#### What is expected:
For this exercise, write out only the lines of the entries below from the one with "依据出资人代表机构审批意见,OD体育(集" up to and including the one with "在激烈的讨论之后,班会进入最", exactly as they are. Pictures stay out.

#### Working data:
··········

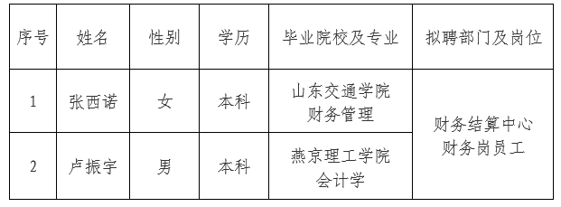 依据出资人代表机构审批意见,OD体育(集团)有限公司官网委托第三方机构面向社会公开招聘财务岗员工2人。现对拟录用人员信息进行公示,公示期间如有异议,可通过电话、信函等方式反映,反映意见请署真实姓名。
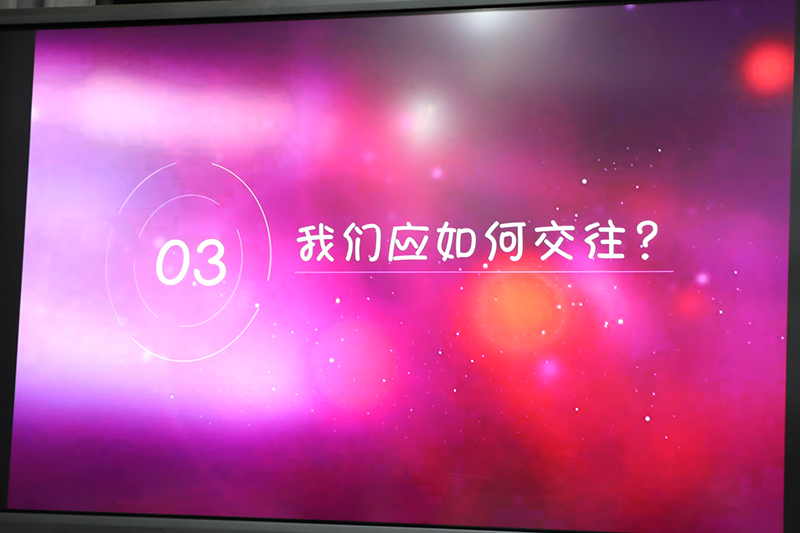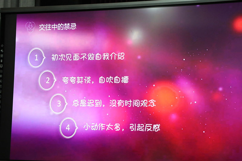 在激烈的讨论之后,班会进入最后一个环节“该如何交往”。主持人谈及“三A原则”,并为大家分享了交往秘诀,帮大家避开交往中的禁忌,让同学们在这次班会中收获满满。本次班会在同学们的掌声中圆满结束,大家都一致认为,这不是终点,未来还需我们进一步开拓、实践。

··········

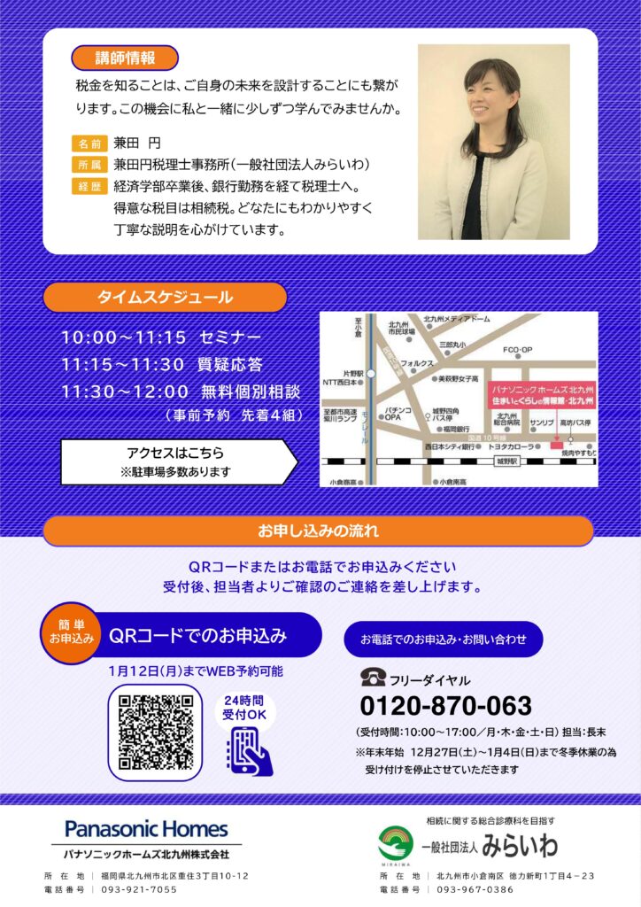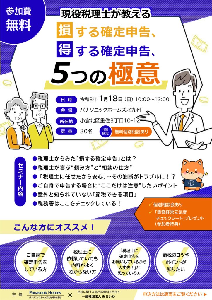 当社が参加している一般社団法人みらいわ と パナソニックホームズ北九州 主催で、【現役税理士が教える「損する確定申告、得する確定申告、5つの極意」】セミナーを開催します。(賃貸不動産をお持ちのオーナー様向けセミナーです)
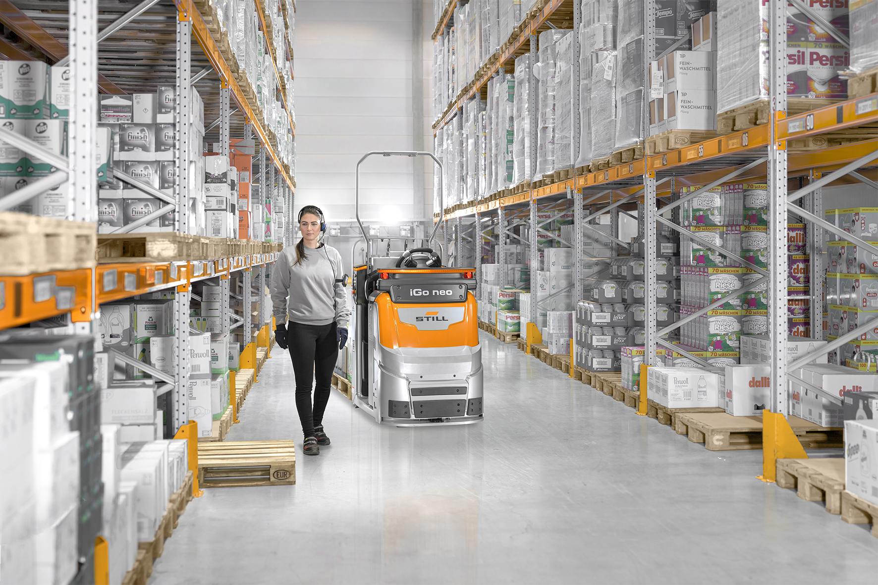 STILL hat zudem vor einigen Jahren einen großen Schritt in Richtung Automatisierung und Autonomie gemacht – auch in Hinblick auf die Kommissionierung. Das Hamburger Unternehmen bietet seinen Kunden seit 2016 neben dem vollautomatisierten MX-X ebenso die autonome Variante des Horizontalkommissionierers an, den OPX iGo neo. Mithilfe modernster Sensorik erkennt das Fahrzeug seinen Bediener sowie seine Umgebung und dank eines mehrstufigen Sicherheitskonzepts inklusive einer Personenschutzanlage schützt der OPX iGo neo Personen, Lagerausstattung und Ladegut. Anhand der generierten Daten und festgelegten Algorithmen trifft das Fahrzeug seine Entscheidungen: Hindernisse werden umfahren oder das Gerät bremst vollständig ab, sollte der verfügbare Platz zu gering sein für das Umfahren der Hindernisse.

··········

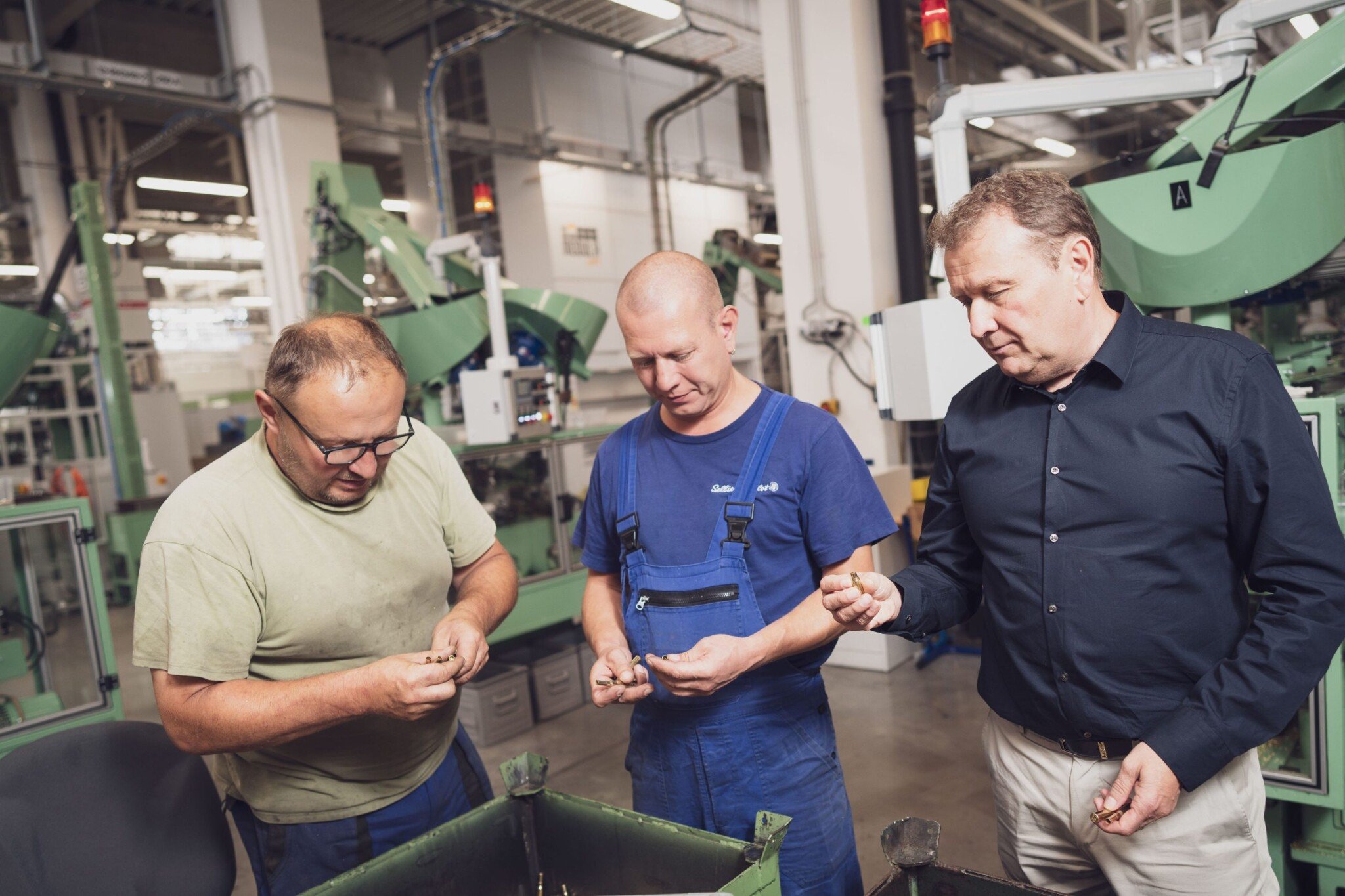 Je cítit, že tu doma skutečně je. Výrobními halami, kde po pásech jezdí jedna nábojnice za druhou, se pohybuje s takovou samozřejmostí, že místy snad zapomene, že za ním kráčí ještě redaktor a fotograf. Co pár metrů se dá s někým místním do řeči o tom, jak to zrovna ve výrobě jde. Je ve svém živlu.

··········

#### Solution for this exercise:
 依据出资人代表机构审批意见,OD体育(集团)有限公司官网委托第三方机构面向社会公开招聘财务岗员工2人。现对拟录用人员信息进行公示,公示期间如有异议,可通过电话、信函等方式反映,反映意见请署真实姓名。
 在激烈的讨论之后,班会进入最后一个环节“该如何交往”。主持人谈及“三A原则”,并为大家分享了交往秘诀,帮大家避开交往中的禁忌,让同学们在这次班会中收获满满。本次班会在同学们的掌声中圆满结束,大家都一致认为,这不是终点,未来还需我们进一步开拓、实践。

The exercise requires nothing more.